I have these parameters for my model:

onmt_train -batch_size 128
-accum_count 3
-report_every 1
-world_size 1
-gpu_ranks 0
-layers 1
-valid_batch_size 64
-valid_steps 5000
-rnn_size 512
-data data/data
-pre_word_vecs_enc “data/embeddings.enc.pt”

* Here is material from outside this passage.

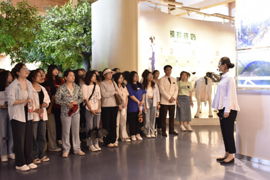 首先,师生们前往君乐宝优致牧场,参观奶牛科普展览馆和挤奶大厅,工作人员向大家详细讲解了奶牛的历史文化、品种繁育、养殖饲喂等科普知识。同时向大家全方位地展示了集农牧体验、文化科普等多种功能于一体的生态观光牧场。随后,师生们前往工厂,参观了君乐宝乳制产品的实验室、研发室、生产车间与灌装车间,考察了各类乳制品的研发、加工、包装的自动化流水生产线。在洁净又先进的现代化生产车间里,大家对企业“让祖国的下一代喝上好奶粉”的担当与为社会生产安全优质食品的责任所感染。接下来,营销总监任晓飞就公司发展历程、产品研发、产品运营、营销推广、公司管理、未来发展等几个方面为同学们做了深入浅出地讲解,人力资源部部长王晓静、人才发展经理赵天宇从职业发展规划和未来成长为师生做了详细解读,并通过互动与师生进行了深入交流,回答了大家关切的问题,对同学们到君乐宝实习、实践发出了诚挚邀请。

-pre_word_vecs_dec “data/embeddings.dec.pt”
-src_word_vec_size 224
-tgt_word_vec_size 336
-fix_word_vecs_enc
-fix_word_vecs_dec
-save_model data/model
-save_checkpoint_steps 1000
-train_steps 100000
-model_type text
-encoder_type transformer
-decoder_type transformer
-rnn_type GRU
-global_attention mlp
-global_attention_function softmax
-early_stopping 500
-attention_dropout .3
-max_generator_batches 2
-tensorboard
-optim adam -adam_beta2 0.998 -warmup_steps 8000 -learning_rate 0.001
-max_grad_norm 0 -param_init 0 -param_init_glorot
-label_smoothing 0.1
I got this error :
[2019-10-30 19:30:04,869 INFO] * src vocab size = 193698
[2019-10-30 19:30:04,869 INFO] * tgt vocab size = 26009
[2019-10-30 19:30:04,870 INFO] Building model…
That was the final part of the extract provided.